If your dad was like mine, he wouldn’t have gotten the Dad joke about Rene Descartes walking into a bar. The bartender asks if he’d like a drink, and he says “I think not,” so he disappears.  

Why did the chicken cross the plane from this world to the next? Because he couldn’t quite make it across the road.   Knock knock. Who’s there? Dad? No one’s there. Not funny. At all.  
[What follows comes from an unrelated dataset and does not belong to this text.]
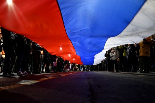 Aproximativ 4.000 de persoane au participat la marșul din capitala Serbiei. Oamenii s-au adunat în fața unui monument al țarului rus Nicolae al II-lea din centrul Belgradului, unde au cântat imnurile Rusiei și Serbiei.

One day you ask your dad to subtract two from two, and he says nothing. Okay, subtract one from one, you say, and he says nothing. Okay, but what if you multiply nothing by nothing, you ask, and your dad, all out of jokes at last, says nothing, nothing, nothing. Because it’s true, but also because he’s disappeared, because he’s crossed to the other side, because he’s dead, because it gets told with astonishment, with resignation it gets told, with sadness and with regrets, it gets told and retold, because it gets old, it gets so very old, like your dad, and because this isn’t funny at all, which makes it a legit dad joke.